The D.C. Circuit said the United Mine Workers' called for work stoppages even though strikes were prohibited during the contract.
The contract gave the mine unilateral authority to change the bonus plan. It did so in 2005 after the union called six work stoppages at one mine in 2004 to pressure the employer over ongoing grievances.
It eliminated the bonus for union-represented employees at any mine where there was a job action regardless of the mine's attainment of annual financial targets.
The premise of the union's work stoppages was a contractual provision allowing for "memorial days," which was in the contract for commemoration of miners' deaths or mining disasters. This clause in the collective bargaining agreement is an unpaid work stoppage. Since strikes were prohibited, the union used this contractual work stoppage provision to skirt the non-strike clause, the court said.
The National Labor Relations Board and the Court determined that the union did not misuse the memorial-days provision. The Court's majority said it looked to a body of opinions from a district court, arbitration, and the Division of Advice, per the parties' stipulation that they address the "history and purpose" of the provision.
Relying heavily on a district court opinion, the Court found that the materials demonstrated that the parties' intended that the union could use the provision to strike over an arbitrable dispute.

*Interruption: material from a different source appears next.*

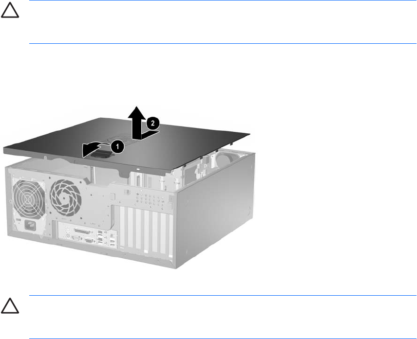 6. Lift up on the access panel handle (1), slide the access panel back about 1.25 cm (1/2 inch), then

The Court observed that at the time the union called these memorial periods, the employer never sought to enjoin them or otherwise indicated that it believed the union had overstepped its rights.
The Court noted that, "[a]lthough it is unusual for an employer to directly acknowledge taking adverse action because of protected activity, [the employer] did so here."
The Court dismissed the employer's claim that the bonus-plan amendment was a permissible economic weapon. It also agreed with the Board that the employer could not selectively direct that economic weapon against only employees who engaged in protected conduct.
But the dissenting opinion said, "The NLRB nonetheless construed the memorial-period clauses to create a de facto exception to the strike ban, and the court affirms. The conclusions of both the agency and the court violate the established principle (most familiar to us from anti-discrimination laws) that a right to do a thing at will, or for no reason at all, does not normally encompass a right to do it for reasons that contradict rights reserved to another party (here, the employer's right not to be subject to strikes while the CBAs are in effect)."